The other method that is available to use is the monthly measurement method, which means each month an employer determines whether an employee is/is not eligible for benefits based on the # of hours they worked the previous month and they would enroll/term accordingly monthly. Not a method that makes administrative sense for an hourly employee with fluctuating hours. 

Reference/Resource:

“The Five Ws, and One H of Affordable Care Act (ACA) Measurement Methods.” Alera Group, 23 Dec. 2020, aleragroup.com/insights/the-five-ws-and-one-h-of-affordable-care-act-aca-measurement-methods-102120/.

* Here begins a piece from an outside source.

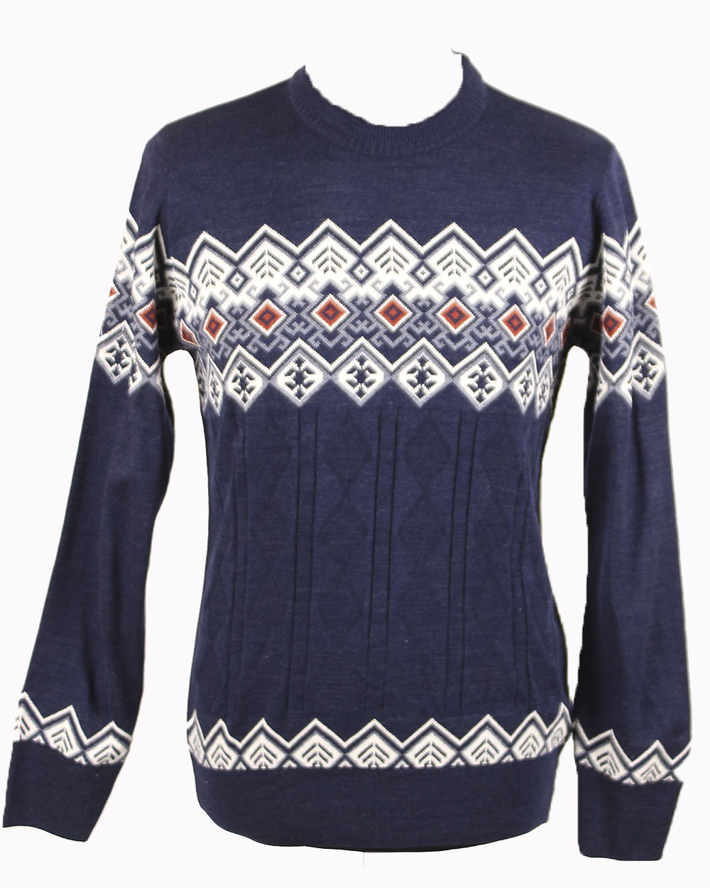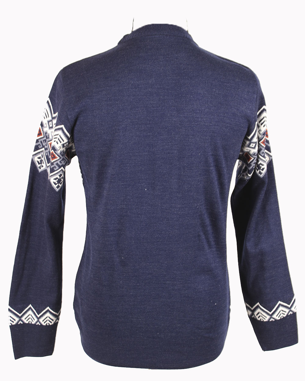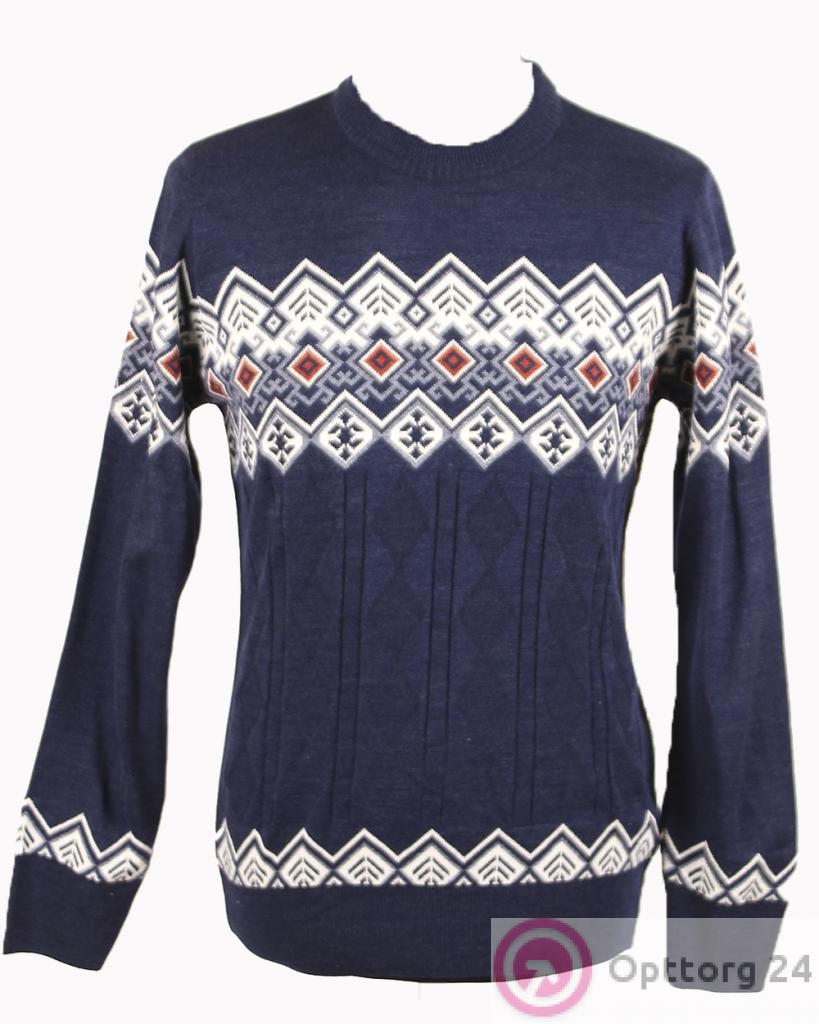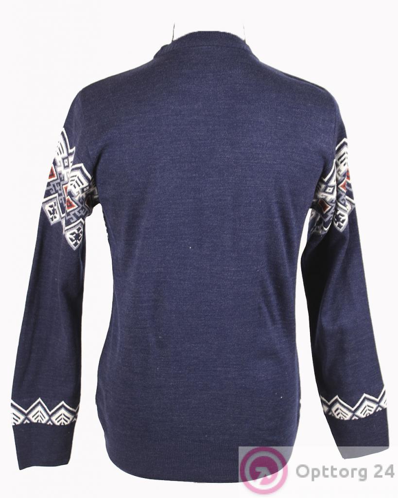 Мужской джемпер синего цвета с цветным иероглифом на груди оптом

Required Annual Notices for Health & Welfare Plans & Electronic Disclosure

Q: We have a client with many factory workers who do not have computers for work but they do have a breakroom with computers that employees can access regularly. Does this satisfies the requirement for electronic distribution?

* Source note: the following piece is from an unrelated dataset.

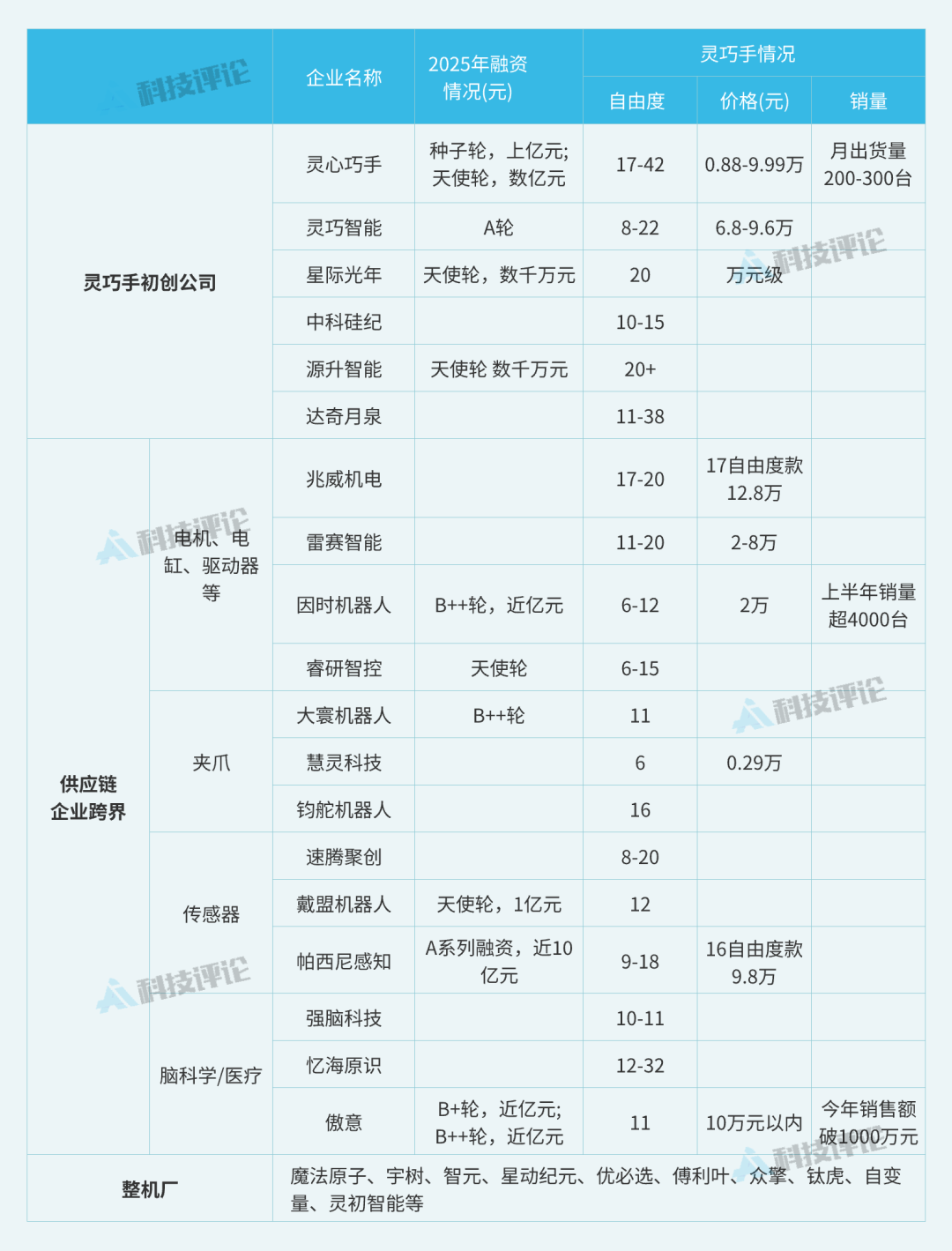 技术远未成熟,但价格鏖战已过早升级。 “关于灵巧手,你可以认为所有 demo 都是假的。一切都是过拟合的结果,自主完成任务的能力基本不存在。从业者和非从业者对技术进展的认知差距过大,需要一些可视化的东西来弥合这种鸿沟。”一位业内人士告诉AI科技评论。 这一说法后来得到了多方认同。放眼刚刚过去的 WAIC 和 WRC 两个大会,预编程仍是主流。 今年以来,具身智能的焦点突然从本体延伸至灵巧手——上游零部件、下游本体纷纷下场,灵巧手初创公司遭受两面夹击。 投资者也多方下注,主要押注三个特征:最AI、最像人手、最早量产。 但智能不足仍是最大痛点。 此外,何为最像人手?商用客户到底在哪里?围绕这些问题仍争议不断。环境一片嘈杂,所有争议又最终指向另一个问题——降本。 作为上游部件,理想的状态本应该是“规模量产—数据涌现—技术迭代—成本下降”,但飞轮跑不开就是死循环。本征资本的邢大地指出,灵巧手行业的残酷之处在于,场景需求和竞争优势不明确,市场很容易红海化,“这样的项目几乎是必死的”。 2024 年以来,灵巧手厂商期望以最后一环的“降本”作为飞轮启动键,应对上下游夹击,焦虑表现之一在于,技术远未成熟,但价格战已过早升级为一场鏖战。 (目前已发布灵巧手产品的公司,AI 科技评论整理) 01 具身智能的聚光灯依旧灼目,灵巧手已经被推到了台前。 这已经是共识。随着机器人操作能力成为焦点,灵巧手日益被提上日程。这个赛道从阒无人迹到人满为患只用了短短半年多时间,还有大批玩家在持续涌入中。AI科技评论梳理出的二十多家灵巧手厂商,大致可被划分为三类。 第一类为上游零部件厂商向下拓展,比如靠电机起家的兆威、靠触觉起家的帕西尼,以及由工业夹爪向灵巧手过渡的大寰……作为其优势能力维度的自然延伸,这类厂商的灵巧手产品往往天然带有鲜明辨识度。 同时,在过去数年间积攒的供应链管理能力也有助于成本和性能的可控。 以大寰机器人为例,其电动末端执行器的出货量迄今已超过 20 万套,通用的生产设备能摊薄成本,在空心杯电机、丝杆等零部件物料采购时也可以有更多的优势,诸如以同等的价格采购更加优质的零部件。此外,这类企业往往也形成了较成熟的零部件测试体系,有助于确保产品可靠性。 第二类为下游整机厂商向上布局,这一点成为今年灵巧手赛道的新趋势。 一段时间以来,整机厂造手被“诟病”分散精力、不务正业,但是事实上,它们早期大多选择外采,最终自研更多只是多方比对下的无奈之举。 这样的故事有很多:星海图曾经尝试从外面采购灵巧手,但发现兼容性和稳定性存在问题,随整机卖出后客户反馈难以落地;优必选认为别家的方案并不适用于自己专注的工业场景;智元也曾依赖外采的灵巧手进行数据采集,多方尝试均未满足要求,于是干脆转向自研……本质在于,灵巧手方案同应用场景关联紧密。 相比之下,挤在前两者的夹缝之中,纯粹的灵巧手厂商在数量上反而少得多。 现实情况是,零部件厂商与整机厂往往并不把灵巧手作为主要的现金流产品,前者更多将灵巧手作为一个集成单元以展示核心部件能力,部分厂商甚至为了避嫌(避免被质疑同灵巧手客户竞争)只敢低调卖手; 后者的灵巧手基本集成在自己的本体上,甚少单买。魔法原子的一名销售经理告诉AI科技评论,灵巧手作为末端执行器能够深入场景,满足用户需求,先把业务跑起来,这也和公司今年官宣的“千景共创计划”相呼应,“之前我们也考虑过外采,要么价格太高,要么性能不足,达不到客户的要求”。 总之整机厂造手还是为了卖机器人。真正一心一意卖手的只有灵巧手初创公司。 新玩家持续涌入的过程中,投资者和猎头等外围人士也看到了新的机会,很多人已经察觉到整机领域的收敛与饱和趋势,转而开辟新的战场。今年多起相关融资金额达到数亿元,从种子轮到B+轮的阶段均有涉及。 有投资者向AI科技评论分析,灵巧手的投资,目前其实就三个点:一是最像人手,比如较高的自由度;二是量产能力,比如工程化能力等;三是智能化程度。投资者可能每条技术路线都会押注,赌最终跑通的那家是自己投出来的。 但在技术远未收敛、行业一片嘈杂的背景下,这三个问题又盘根错节、相互影响。 02 最像人手的灵巧手应该长什么样? 一只健全的人类手掌容纳有 27 块骨骼、19 个关节、35 块肌肉、123 条韧带和48根神经;可为了复刻其动作,灵巧手需要数百个大大小小的零部件。如何将这一数量庞杂的零部件排布成手掌大小并保证灵巧操作,在业内引发了巨大争议。 即便是手指数量这样一个最简单的问题,也争论不断。 从最像人手的角度思考,一只手理所当然应该长着5根手指,但从功能性角度,90%以上的人手动作能仅靠四指完成。这方面典型的案例是帕西尼。作为曾经坚定的四指主义者,帕西尼认为小拇指对于灵巧操作的用处有限,因而出于成本考量省去了小指。 帕西尼 CTO 张恒第解释,四指映射的核心是保持动力学上的相似性。具体有两种方案,一种是直接忽略掉小指,但鉴于小指在维持平衡方面的重要性,这并非最佳方案;另一种则是把无名指和小指通过合力和合力矩的等效性映射过去,相当于把后两根手指合二为一,保证在对物体施力时,四指实现的力的分布同五指接近,力的分布越接近,最终行为就会越接近。

A: If an employer wishes to provide annual notices electronically, there is an electronic safe harbor for distribution of documents for individuals without regular work-related computer access. However, the employer would need to have these employees affirmatively consent to the electronic disclosure and provide an email address for delivery of the documents. The employee, prior to giving consent must have been provided information that explains:

·   the types of documents that will be provided electronically;

·   that consent can be withdrawn without charge;

·   the procedures for withdrawing consent and updating information (e.g., address for receiving electronic disclosure);

·   the right to request a paper version and whether a charge applies; and

·   the electronic delivery system and what hardware and software will be needed to use it.

Reference/Resources:

“The Five Ws, and One H of Required Annual Notices for Health & Welfare Plans.” Alera Group, 2 Oct. 2020, aleragroup.com/insights/the-five-ws-and-one-h-of-required-annual-notices-for-health-welfare-plans-100120/.